What about auto-vectorisation?
FMAs are often found in loops over arrays, making them a potential target for vectorisation by the compiler. I’d like to see that in action. Here’s another quick test program:
import java.util.Arrays;
public class RedLeicester {
static final int LEN = 1024;
public static void main(String[] args) {
var a = new double[LEN];
var b = new double[LEN];
var c = Math.random();
for (int i = 0; i < LEN; i++) {
a[i] = Math.random();
b[i] = Math.random();
}
System.out.println("initialized data");
for (int i = 0; i < LEN; i++) {
a[i] = Math.fma(c, b[i], a[i]);
// a[i] += c * b[i];
}
System.out.println(Arrays.toString(a));
}
}At least on my M2 Mac and using Oracle GraalVM 24.0.1 (not CE!), no vectorisation seems to happen. No NEON instructions. Even using -O2 -march=native, it’s just a plain loop over the array’s elements, one by one.

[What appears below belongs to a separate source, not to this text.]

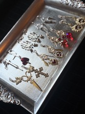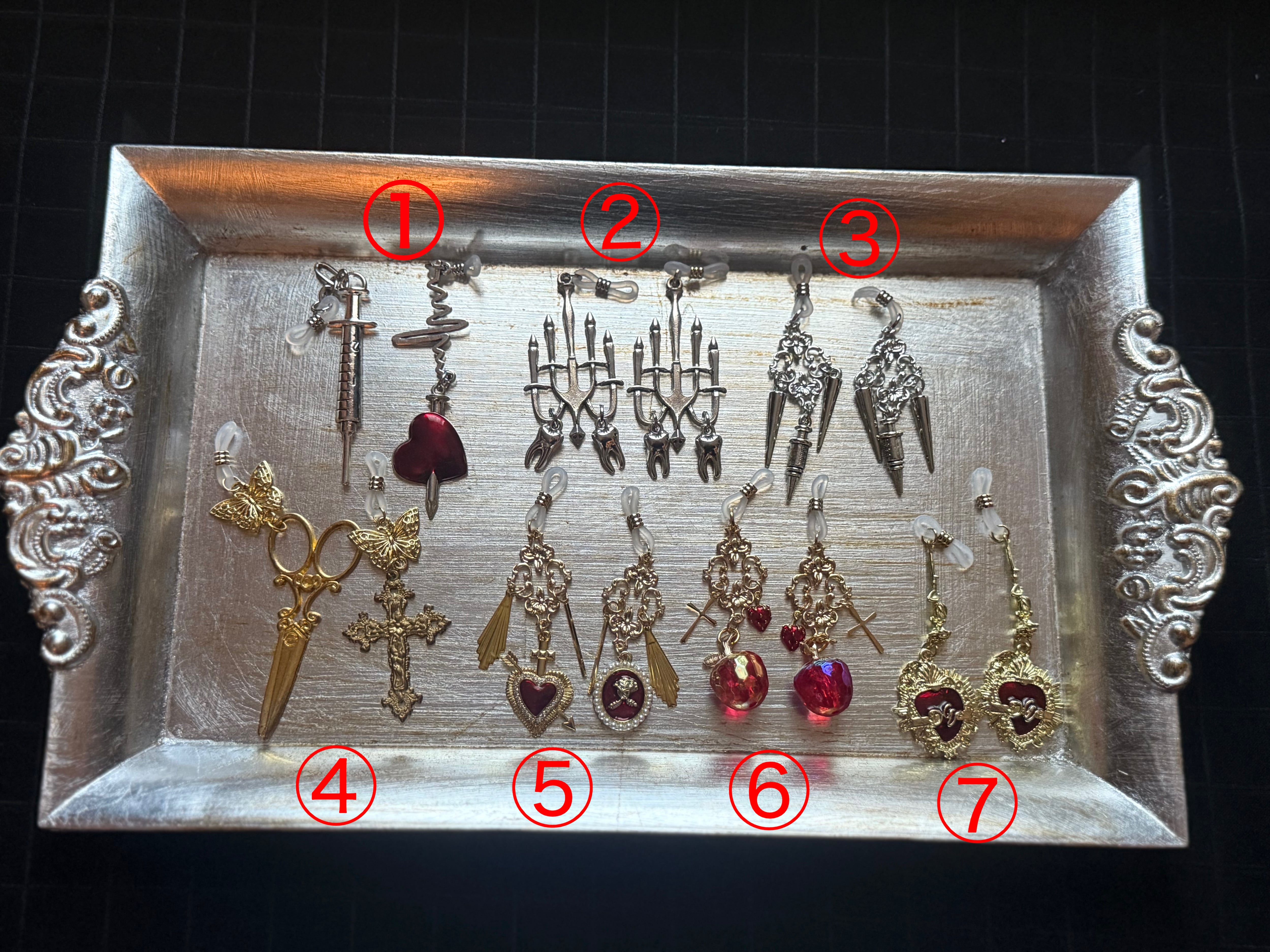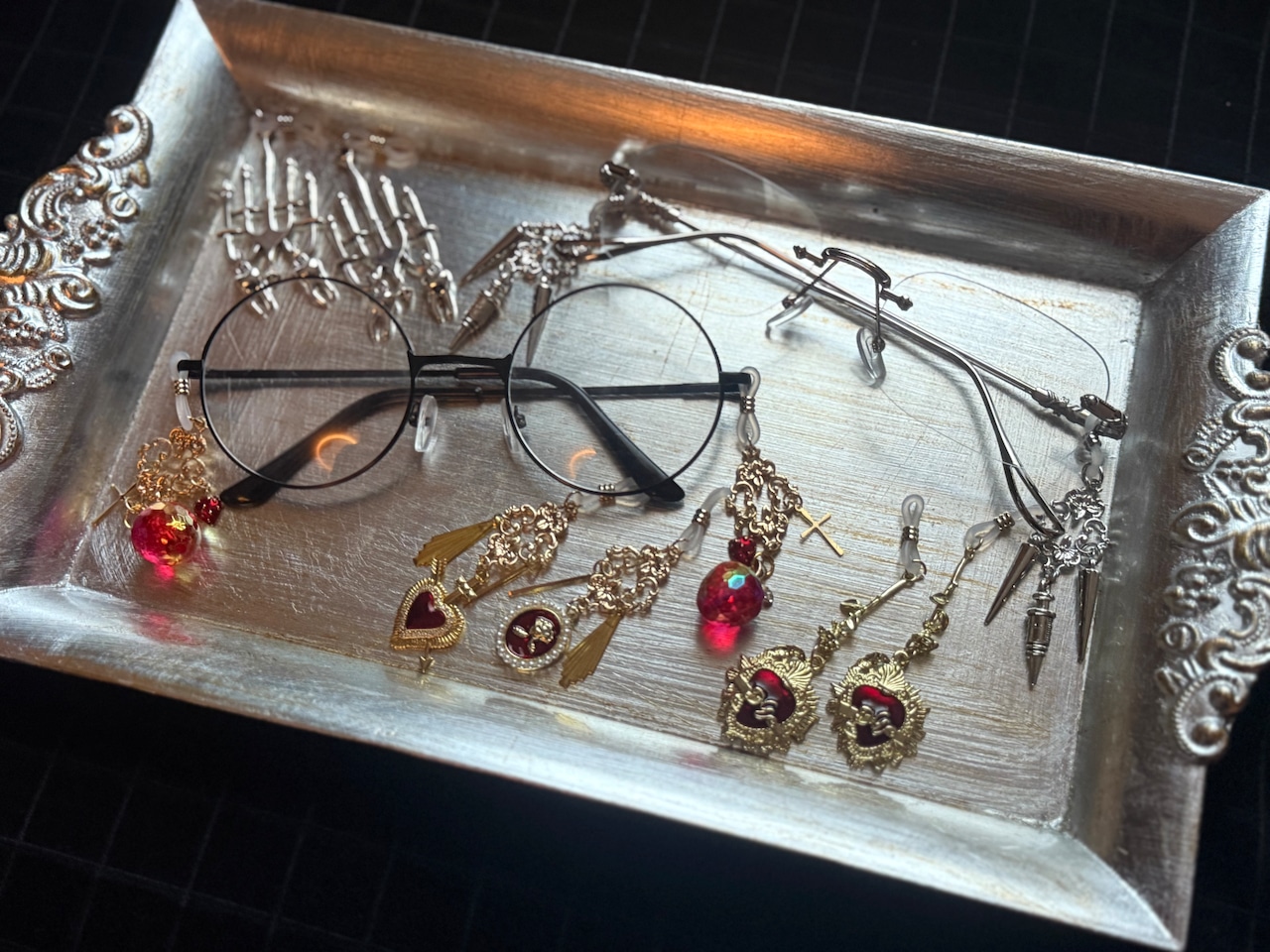 メガネチェーンと同様のゴム製の金具を使用しており、つるのところから通して着用する形になります。左右セットです。

redleicester[0x1000042dc] <+732>: mov w0, wzr
redleicester[0x1000042e0] <+736>: ldr d0, [sp, #0x48]
redleicester[0x1000042e4] <+740>: ldp x3, x2, [sp, #0x28]
redleicester[0x1000042e8] <+744>: b 0x100004320 ; <+800>
redleicester[0x1000042ec] <+748>: nop
redleicester[0x1000042f0] <+752>: nop
redleicester[0x1000042f4] <+756>: nop
redleicester[0x1000042f8] <+760>: nop
redleicester[0x1000042fc] <+764>: nop
redleicester[0x100004300] <+768>: nop
redleicester[0x100004304] <+772>: orr x1, xzr, #0x8
redleicester[0x100004308] <+776>: add x1, x1, w0, uxtw #3
redleicester[0x10000430c] <+780>: ldr d1, [x3, x1]

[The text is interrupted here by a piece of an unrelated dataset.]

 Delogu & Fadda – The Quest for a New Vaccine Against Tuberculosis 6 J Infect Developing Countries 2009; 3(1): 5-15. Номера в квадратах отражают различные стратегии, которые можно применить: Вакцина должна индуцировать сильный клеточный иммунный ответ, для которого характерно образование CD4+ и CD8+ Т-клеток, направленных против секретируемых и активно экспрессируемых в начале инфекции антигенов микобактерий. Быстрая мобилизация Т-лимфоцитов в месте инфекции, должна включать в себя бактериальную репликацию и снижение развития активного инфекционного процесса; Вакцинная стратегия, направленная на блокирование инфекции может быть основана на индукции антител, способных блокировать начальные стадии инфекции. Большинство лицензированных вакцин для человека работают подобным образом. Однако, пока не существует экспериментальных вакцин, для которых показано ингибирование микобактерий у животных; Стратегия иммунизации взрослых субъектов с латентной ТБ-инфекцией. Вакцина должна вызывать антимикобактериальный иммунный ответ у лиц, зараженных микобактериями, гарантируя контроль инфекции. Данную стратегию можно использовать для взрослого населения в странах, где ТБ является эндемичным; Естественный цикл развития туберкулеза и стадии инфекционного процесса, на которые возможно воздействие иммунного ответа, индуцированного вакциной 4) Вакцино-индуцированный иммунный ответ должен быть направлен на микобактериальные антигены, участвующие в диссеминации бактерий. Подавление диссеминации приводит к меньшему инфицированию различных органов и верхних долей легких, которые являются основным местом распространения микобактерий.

redleicester[0x100004310] <+784>: ldr d2, [x2, x1]
redleicester[0x100004314] <+788>: fmadd d1, d0, d2, d1
redleicester[0x100004318] <+792>: str d1, [x3, x1]
redleicester[0x10000431c] <+796>: add w0, w0, #0x1
redleicester[0x100004320] <+800>: cmp w0, #0x400
redleicester[0x100004324] <+804>: b.lo 0x100004300 ; <+768>
Switching from Math.fma() to a plain multiply-and-add, using floats instead of doubles, or changing the array size doesn’t help either. With -O3, it seems that you get more loop unrolling, but still no vector-based instructions.

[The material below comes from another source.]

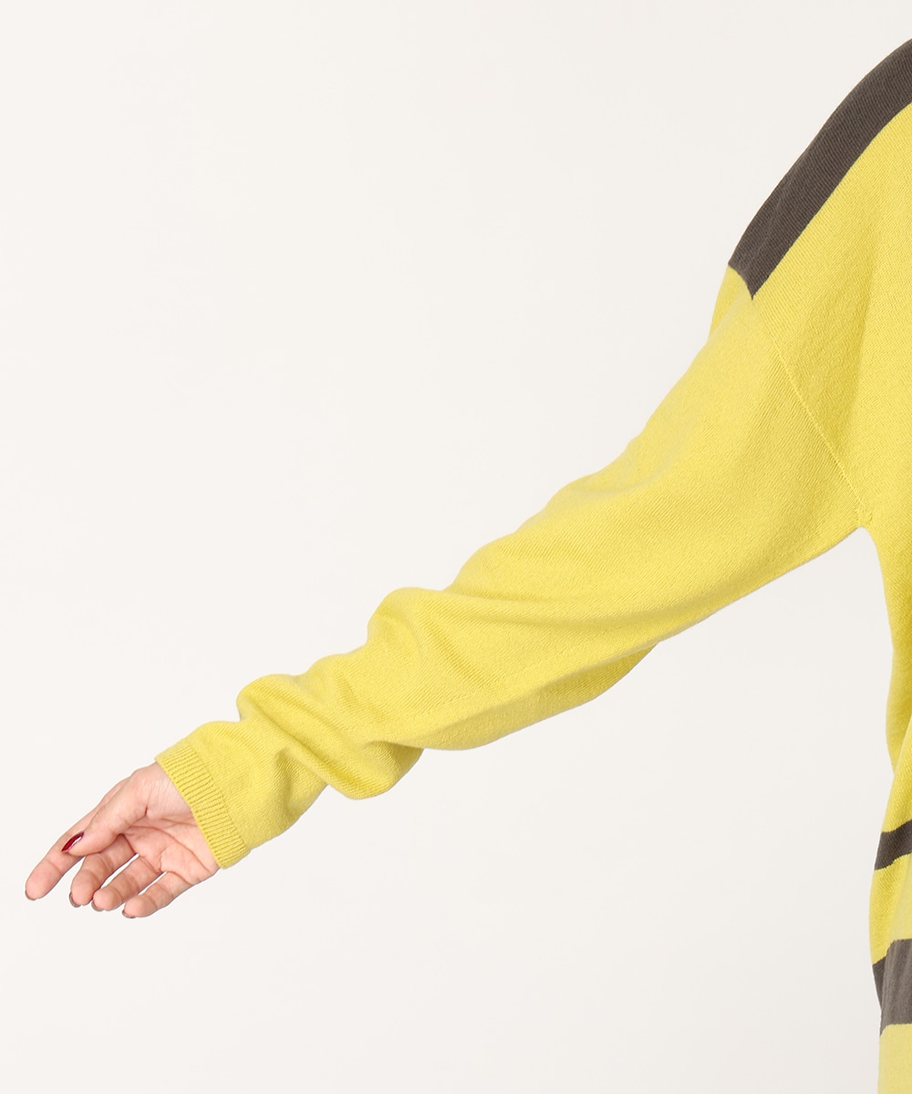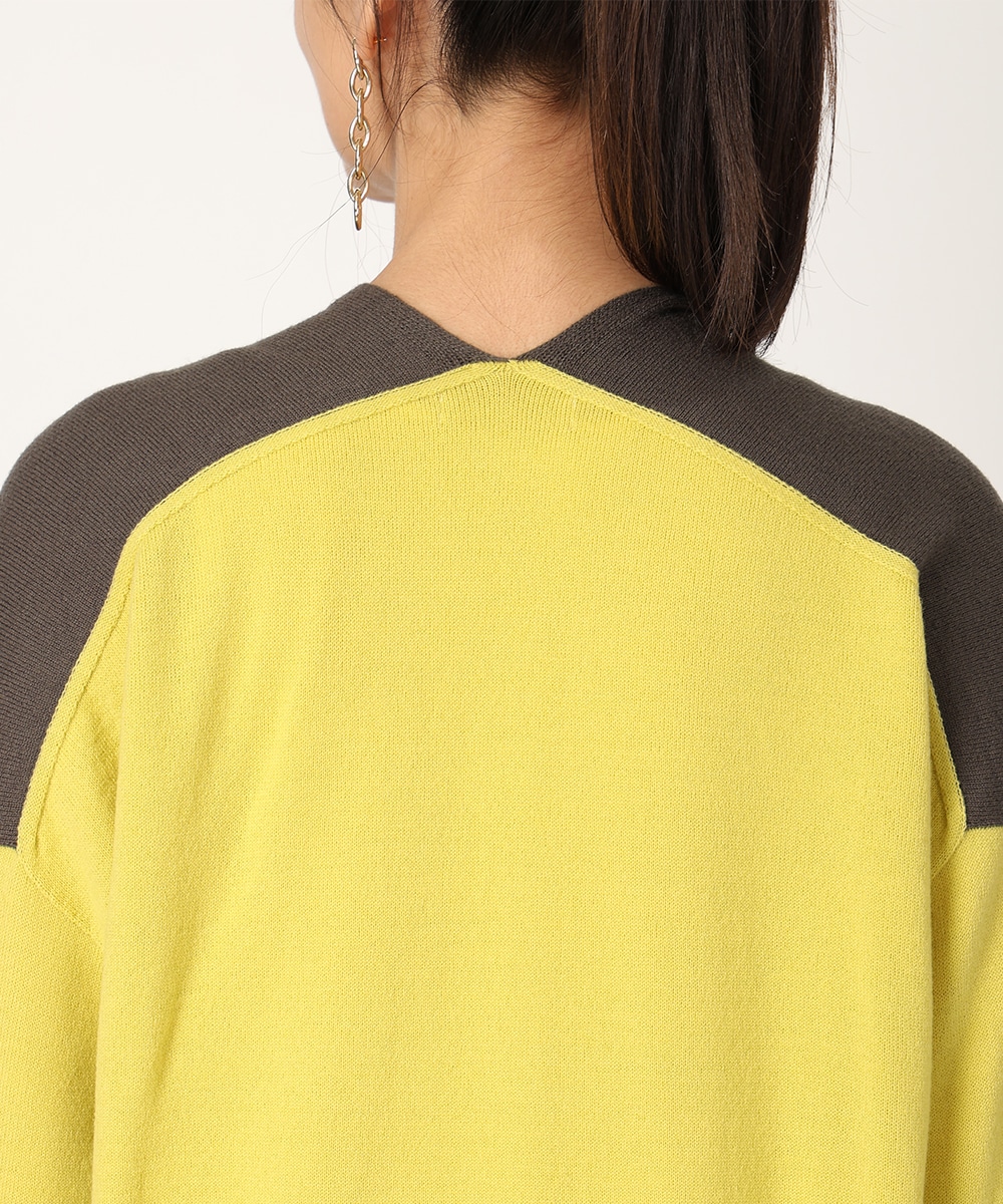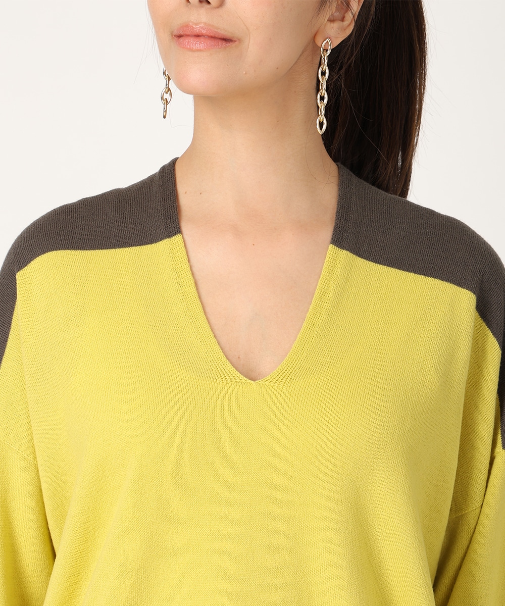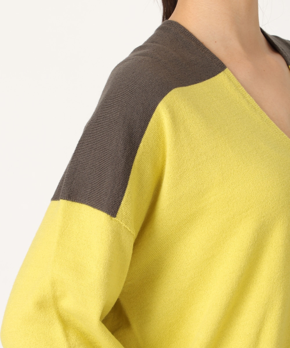 ビビットなバイカラーのパネルボーダーで華やかに仕上げました。首元からデコルテラインを美しく魅せる絶妙なVネックがポイント。縫い目のないホールガーメント製法は美しいシルエットを生み出し、さらりとした着心地を提供。リラックス感のあるボトムスと合わせるだけでも、こなれた雰囲気をプラスします。
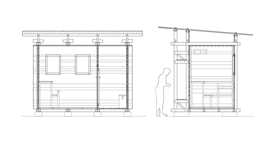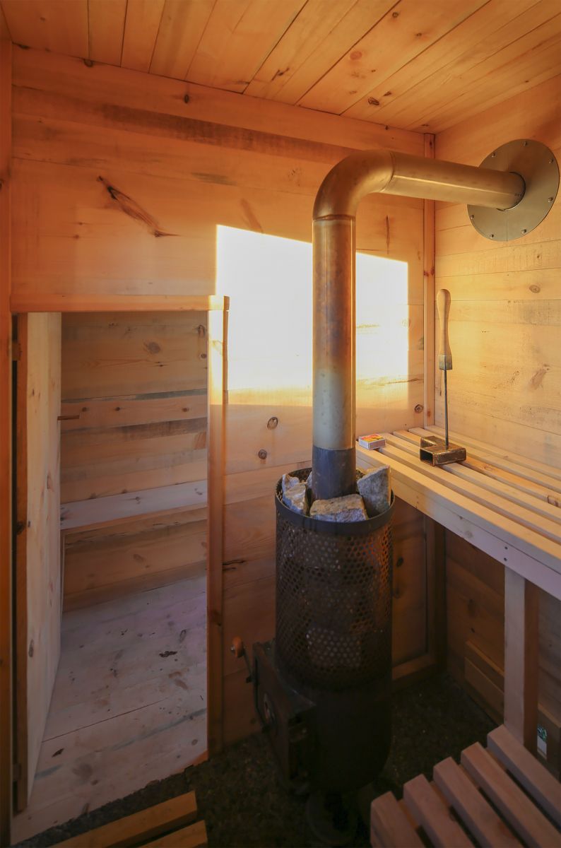 平面圖按照1:2比例分為入口和桑拿室。座椅和儲(chǔ)物空間設(shè)置在了桑拿房外部。更衣室設(shè)有小窗,屋內(nèi)含衣架和長(zhǎng)凳,另外較低的門進(jìn)入是桑拿房,這個(gè)高度是防止熱氣外散。房間采光來自兩個(gè)窗戶,借助兩個(gè)通風(fēng)閥來流通空氣。地板由混凝土板制成,可以整體下壓這個(gè)木屋,另外還可以滲水,L形長(zhǎng)椅設(shè)置成不同的高度,木爐配有花崗巖填充,不銹鋼管將煙氣引到外部。

Perhaps it’s a limitation of the compiler, perhaps it’s intentional? A Medium post by Andrew Craik from 2021 states that “only native images built with profile-guided optimization (PGO) will see the full benefit of GraalVM’s vectorization capabilities” – alas, trying it with PGO didn’t change anything for me.
A quick test on x64 Linux with the identical Java code shows basically the same result, so this does not appear to be exclusive to AArch64 or macOS.